What is SAML Authentication and who needs it?

Last updated: 17 April 2018

Cloud Access Management Headaches

Cloud access management is a primary Password Managementchallenge to using cloud apps securely in enterprise settings. With the proliferation of SaaS, PaaS and IaaS, managing access policies, including strong authentication, for each app provides an IT management burden. Users need to maintain numerous user name and password sets, resulting in lost or forgotten passwords, lost productivity and “password fatigue.” In fact, lost or forgotten passwords account for 20% of help desk tickets.

Furthermore, IT often lacks insight into which users are accessing which apps, and how frequently, resulting in shadow IT and mismanaged resources.
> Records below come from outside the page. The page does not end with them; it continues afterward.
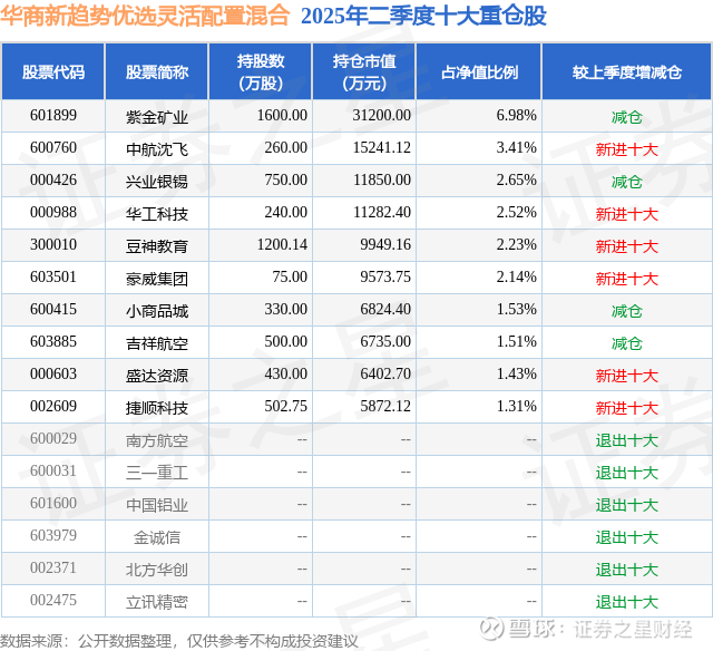 根据2025基金半年报公募基金重仓股数据,重仓该股的公募基金共32家,其中持有数量最多的公募基金为华商基金的华商新趋势优选灵活配置混合。华商新趋势优选灵活配置混合目前规模为44.69亿元,最新净值13.494(9月29日),较上一交易日上涨3.09%,近一年上涨45.9%。该公募基金现任基金经理为童立。童立在任的基金产品包括:华商新锐产业混合,管理时间为2016年12月23日至今,期间收益率为49.82%;华商研究精选灵活配置A,管理时间为2017年12月21日至今,期间收益率为226.6%;华商科技创新混合,管理时间为2020年3月6日至今,期间收益率为106.21%;华商研究回报一年持有混合A,管理时间为2023年3月7日至今,期间收益率为21.48%。
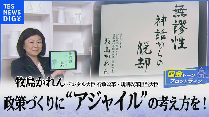 番組出演ゲストに毎回お願いしている揮毫(きごう)、「今週の一筆」。おもむろにタブレットを取り出して「無謬(むびゅう)性神話からの脱却」と答えたのは今回のゲスト、牧島かれんデジタル・行革・規制改革担当…
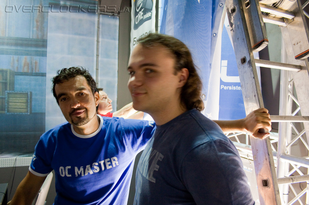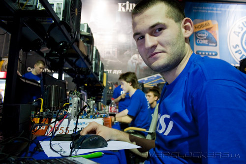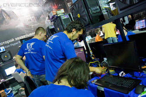 Первыми собрали стенд TiN и T0lsty, а вот у Nick.ua и MaJ0r отношения с системой не сложились. Экстрим-ПК отказался стартовать, что заставило перебрать гору комплектующих, потеряв драгоценное время. Как оказалось, причиной тому стали нерабочая материнская плата и центральный процессор, павшие смертью храбрых дома у кого-то из финалистов. Напомним, что часть комплектующих была разослана участникам для подготовки к конкурсу. В итоге из положенных трех часов, парни бенчили чуть больше часа, при этом сумев показать достойный результат.
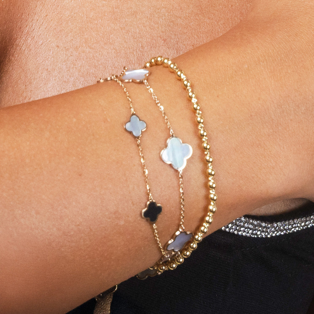 The clover bracelet is our go-to piece to add to any look! Available in several sizes and tons of gemstone options. Dress it up with a cocktail dress and heels, or dress it down with your comfiest loungewear. Either way, you'll be classic chic!
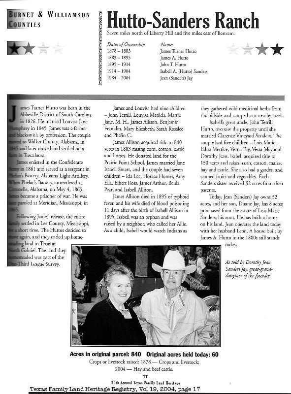 Source: Texas Family Land Heritage Registry, Vol 19, 2004, page 17
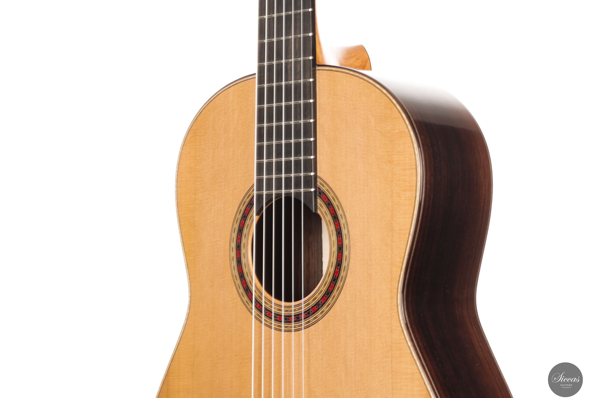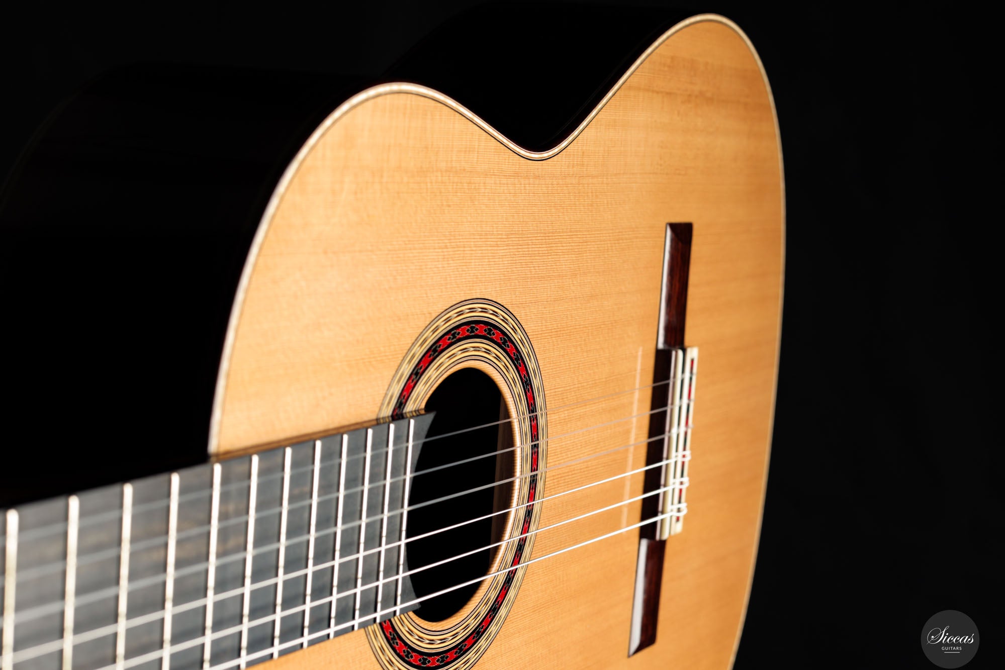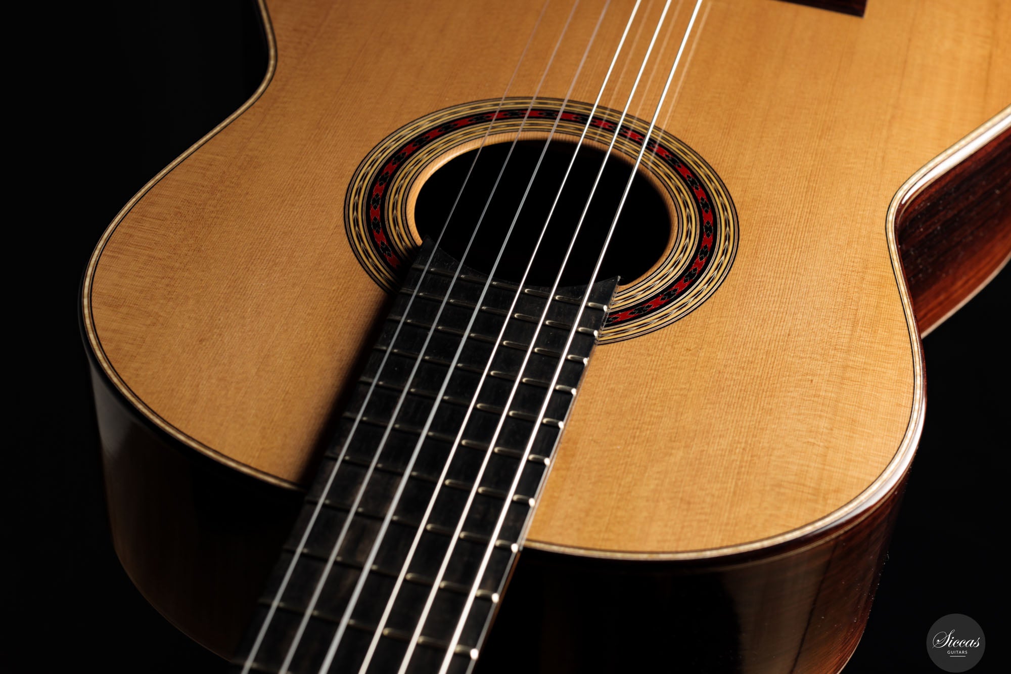 Die Diskantsaiten dieser Gitarre sind komplex und lyrisch und verbinden sich harmonisch mit den tiefen, samtigen Bässen zu einem Klang, der sowohl reichhaltig als auch nuanciert ist. Mit ihrem breiten Dynamikbereich und ihrer ausdrucksstarken Klangtreue ist dieses Instrument eine außergewöhnliche Wahl für Konzertgitarristen, die eine Gitarre suchen, die unvergleichliche Musikalität und emotionale Tiefe bietet.
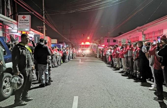 El cuerpo fue escoltado desde la morgue judicial en San Joaquín de Flores, hasta Cartago. A las 9:50 p.m. de este viernes, sus compañeros y allegados hicieron un recorrido que pasó frente a la entrada de emergencias del hospital Max Peralta.

In terms of access control, if an employee leaves the company, how can you ensure they can no longer access their apps? Additionally, while it’s possible to secure access to cloud apps with 2FA, IT is often unclear who bothers to do so. Lack of strong user access control results in vulnerability to compromise by phishing, brute force, hacking of cloud databases, and other threat vectors.

Without centrally managed access controls, the use of cloud apps within an organization cannot be scaled efficiently, and results in  security holes, high administration overhead, user frustration and organizational inefficiencies.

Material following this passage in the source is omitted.